Nurses’ strike challenges ‘degradation’ of health care

Striking Twin Cities nurses say their week-long walkout raises important issues regarding the future of health care – and they are challenging the corporate power behind Allina Health, the owner of the five facilities being picketed.

Citing Minnesota’s not-for-profit health care laws, the Minnesota Nurses Association called on state Attorney General Lori Swanson to dig into Allina’s financials.
 


“Allina is reportedly spending $8,400 each for 1,500 replacement nurses. That totals over $25 million spent – a staggering number that could pay for two years of nurses’ health insurance,” said Mathew Keller, regulatory and policy nursing specialist.


“If Allina is willing to spend more than $20 million over two weeks to save $10 million per year in health care for nurses, we must truly question their responsibility with patients and the public’s money,” Keller said.
 
In addition to reviewing the current finances, nurses are asking Swanson to review Allina Board of Directors relationships. Board members include the CEO of a health insurance broker, investment bankers, mutual fund manager CEOs and only two physicians.

Minnesota Nurses Association is part of National Nurses United, the nation’s largest union and professional association of registered nurses, with 185,000 members.

“Behind this strike is a problem that symbolizes the degradation of our health care system – the dominance of large corporate hospital chains whose priorities are too often far removed from the hospital bedside and assuring high quality care, even when the system, like Allina, carries the label of a not-for-profit organization,” National Nurses United said in a statement issued Tuesday.

“It is not surprising that this [Allina] board, like so many similar systems in our increasingly corporate healthcare industry, has focused on budget goals and expanding revenue too often at the expense of patients and the front line caregivers who those patients count on.”

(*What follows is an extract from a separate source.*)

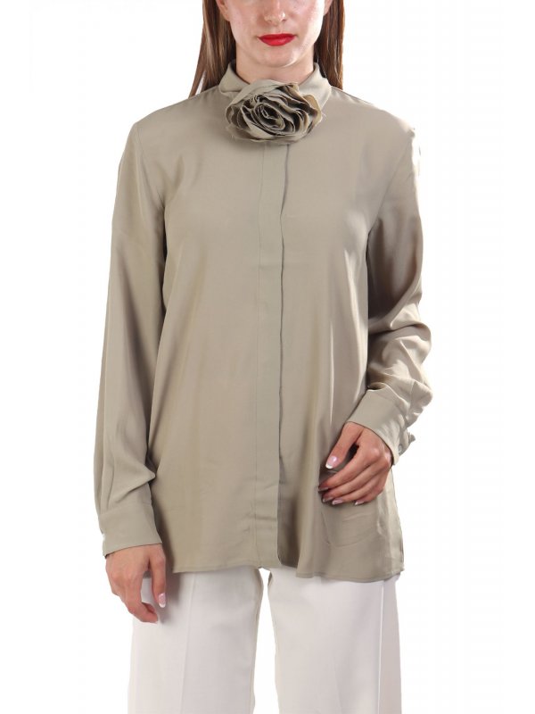 The fluid elegance of crepe de Chine transforms this shirt into a timeless piece of sophistication. Personalize your styling with the fabric flower, which can be easily tied at the neck or waist. Main fabric contains raw materials derived from wood cellulose, a fiber obtained with respect for forestry. Silk blend crepe de Chine shirt. Regular fit with a fluid silhouette. Shirt collar. Hidden button placket. Ribbon with floral detail to wear around the neck.

To date, Allina has refused to negotiate on wages, patient safety or nurse safety until nurses agree to eliminate their affordable health insurance plans. In response, the nurses are engaging in an unfair labor practice strike. MNA has filed numerous unfair labor practice charges against Allina Health with the National Labor Relations Board, alleging, in part, that the company has failed to provide information nurses need to negotiate and refuses to bargain on non-economic issues in the contract.

Picketing began at 7 a.m. Sunday at Abbott Northwestern Hospital and Phillips Eye Institute in Minneapolis, United Hospital in St. Paul, Unity Hospital in Fridley and Mercy Hospital in Coon Rapids.

Nurses welcomed Congressman Keith Ellison, DFL-5th District, to the picket line at Unity Tuesday. He also was scheduled visit Abbott Northwestern later in the day. St. Paul Mayor Chris Coleman was slated to go to the picket line at United.

The Minnesota AFL-CIO sent out an e-mail appeal for supporters to drop off food for strikers at the various picket locations.

“They are standing up for their patients and to keep healthcare affordable for fellow nurses,” the labor federation said.